China to Add Carfentanil and Three Related Synthetic Opioids to it’s Controlled Substances List
SHANGHAI – China is adding the deadly elephant tranquilizer carfentanil and three related synthetic opioids to its list of controlled substances effective March 1, China’s National Narcotics Control Commission said Thursday.
The move closes a major loophole in the global regulation of a substance so lethal it has been used as a chemical weapon and described as a terrorist threat.

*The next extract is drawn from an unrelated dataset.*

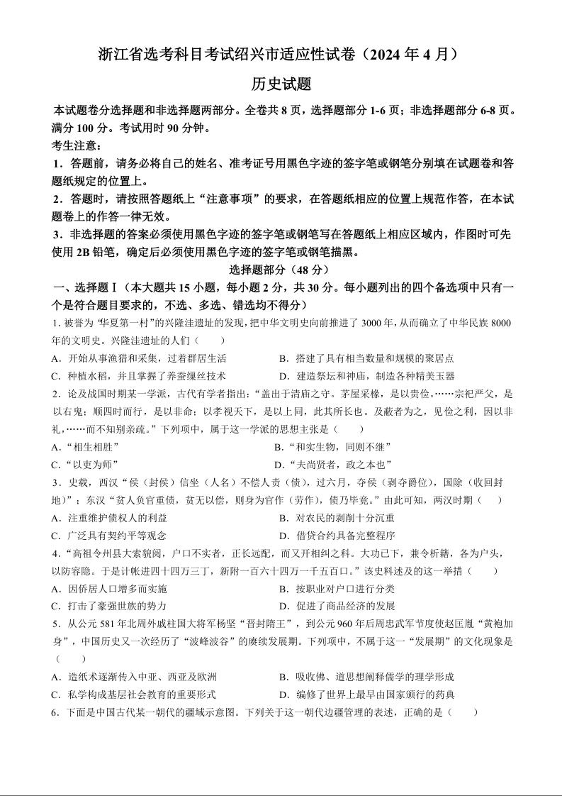 2024届浙江省绍兴市高三高考4月适应性考试(二模)历史

The U.S. Drug Enforcement Administration called China’s action a potential “game-changer” that is likely to reduce supply of key chemicals driving a surge of overdoses and deaths among unsuspecting drug users in North America. After China controlled 116 synthetic drugs in October 2015, seizures in the United States of compounds on that list plunged.
“It’s a substantial step in the fight against opioids here in the United States,” said Russell Baer, a DEA special agent in Washington. “We’re persuaded it will have a definite impact.”
China has emerged as an important source country for opioids like carfentanil, which burst into public view last summer when it appeared in the North American drug supply. Dealers cut fentanyls into heroin and other drugs to boost profit margins.
Beijing has taken a precedent-setting approach to regulation, even controlling chemicals, like fentanyls, that are not widely abused domestically. Chinese drug enforcement authorities have described the synthetic drug threat as a “world-wide problem” and urged “all countries to strengthen the control of new psychoactive substances and work on decreasing demand.”
Beijing already regulates fentanyl and 18 related compounds. China said it is also placing carfentanil’s less-potent cousins furanyl fentanyl, acryl fentanyl and valeryl fentanyl under control. All are prevalent in the U.S. drug supply, Baer said. The DEA confirmed more than 400 seizures of carfentanil across eight U.S. states from July through October. Ohio was hardest hit.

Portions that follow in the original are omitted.